Insert # 0 1 2 3 4 5 6 7 8 9 10 11 12 13
Actual cost $c_i$ 1 3 5 1 9 1 1 1 17 1 1 1 1 1
Amortized cost $a_i$ 5 5 5 5 5 5 5 5 5 5 5 5 5 5
Change in potential 4 2 0 4 -4 4 4 4 -12 4 4 4 4 4
Potential $\Phi_i$ 4 6 6 10 6 10 14 18 6 10 14 18 22 26

By looking at the trend, the potential should never be negative (proof for this is omitted). Intuitively, for high-cost operations, we use the previous low-cost operations to store up potential.

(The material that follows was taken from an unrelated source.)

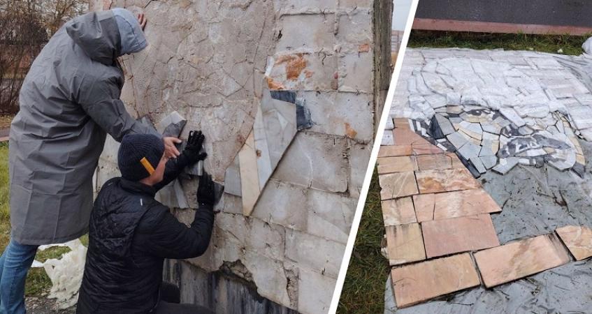 Теперь барельеф отправится в реставрационную мастерскую в Нижний Новгород, где реставраторы отмоют детали от загрязнений, а художники-мозаичисты восстановят утраченные фрагменты и произведут монтаж элементов панно на новом основании.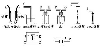 28.(本题15分)请从下图中选出必要的装置进行电解饱和食盐水的实验,要求测定产生的H2的体积(大于25 mL),并检验Cl2的氧化性。

Finally, we've shown that ArrayList add operations are indeed amortized constant time. Geometric resizing (multiplying by the RFACTOR) leads to good list performance.

Summary

• Big O is an upper bound ("less than or equals")
• Big Omega is a lower bound ("greater than or equals")
• Big Theta is both an upper and lower bound ("equals")
• Big O does NOT mean "worst case". We can still describe worst cases using Big Theta
• Big Omega does NOT mean "best case". We can still describe best cases using Big Theta
• Big O is sometimes colloquially used in cases where Big Theta would provide a more precise statement
• Amortized analysis provides a way to prove the average cost of operations.
• If we chose $a_i$ such that $\Phi_i$ is never negative and $a_i$ is constant for all $i$, then the amortized cost is an upper bound on the true cost.